Physical characteristics
- • location: Wharauroa Plateau
- • elevation: 490 m (1,610 ft)
- • location: Aotea Harbour
- • elevation: 0 m (0 ft)
- Length: 21 km (13 mi)
- Basin size: 3,227 ha (7,970 acres)

= Pakoka River =

River in New Zealand

The Pakoka River is a river of the Waikato Region of New Zealand's North Island. It flows southwest from its source southeast of Raglan to reach the northeastern end of the Aotea Harbour. The catchment is made up of just over 86 km of waterways.

== Geology ==
The most notable features of the Pakoka valley were formed by Upper Pliocene–Lower Pleistocene Okete Volcanics about 2 million years ago. These rocks form the top of the Wharauroa Plateau, where the Pakoka rises. They also flowed down from a vent about a kilometre northwest of Bridal Veil Falls to block the valley and form the falls.

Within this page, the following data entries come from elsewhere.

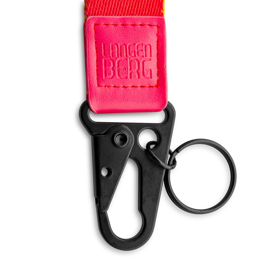 Ausstattung: PU Label D-715, kleiner Schlüsselring schwarz, Schlüsselring A-001 in schwarz, Karabiner A-211 in schwarz, Farbe des Bandes ähnlich Pantone möglich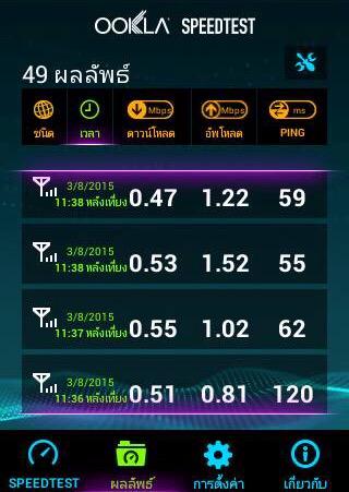 3G สูงสุดที่เคยวัดได้ 2-3 Mbps ครั้ง สองครั้ง จากนั้นก็กลับมาวิ่งตามรูป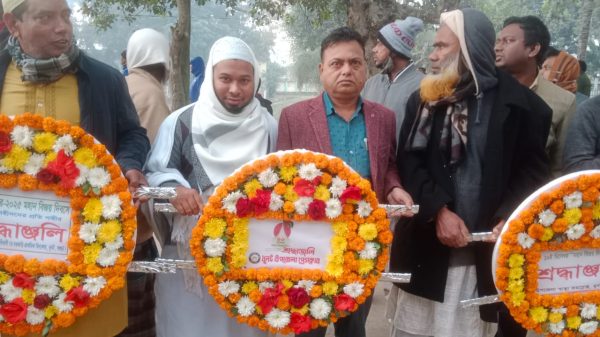 আশেকে এলাহী শিবলী – ধুনট (বগুড়া) প্রতিনিধি : মহান বিজয় দিবস উপলক্ষে ধুনট উপজেলা প্রেসক্লাবের উদ্যোগে শহীদ মিনারে পুষ্পস্তবক অর্পণের মাধ্যমে ১৯৭১ সালের মহান মুক্তিযুদ্ধে আত্মোৎসর্গকারী বীর শহীদদের প্রতি
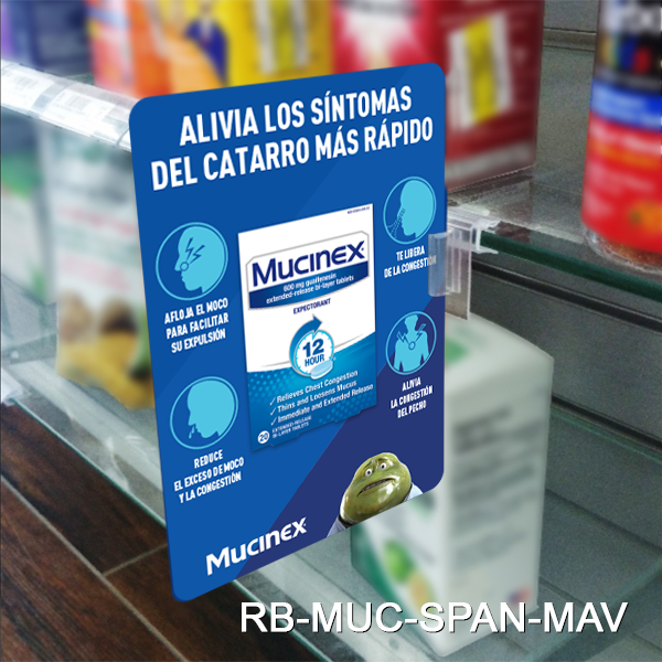 MUCINEX SPANISH LANGUAGE 4.5" W x 6" H, 4/4, Printed Flag Position Signs, RB-SPAN-MUC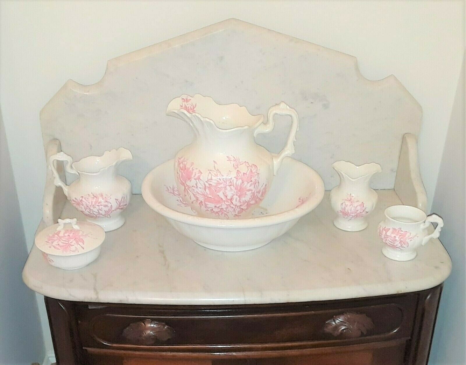 Beautiful Antique Victorian Floral Basin Pitcher And Wash Bowl 7pc. Set
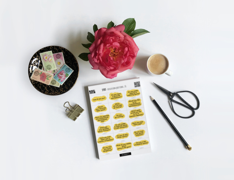A na każdym z nich znajduje się jedno pytanie do dyskusji z tematu 'sport’. Żadne z pytań się nie powtarza. Za to każde odnosi się do osobistych doświadczeń lub opinii.

From its source the river soon drops about 200 m, cutting into Coleman Conglomerate a Puaroan (in the Tithonian epoch, about 150 million years ago) poorly sorted conglomerate of sandstone and siltstone, containing andesitic pebbles up to 5 cm in diameter.

A rock arch and several notable bluffs are formed of late Whaingaroan Ahirau Sandstone formed about 28 million years ago. Although classified as sandstone, it looks more like limestone, with 40–60% calcium carbonate content and lapiez features in massive (lacking internal structures), blue-grey, calcareous, fine sandstone.

Apart from recent alluvial deposits, the other main rock in the valley is Hauturu Sandstone, which is mid to late Whaingaroan, about 30 million years old. It is commonly knobbly due to resistant bands and lenses of hard calcareous sandstone in soft friable quartzofeldspathic sand.

== Biota ==
About two-thirds of the catchment is pasture, with the rest under trees and scrub. Less than 10% of the catchment was fenced from livestock in 2014. New Zealand fernbird and Spotless crake have been recorded in the catchment.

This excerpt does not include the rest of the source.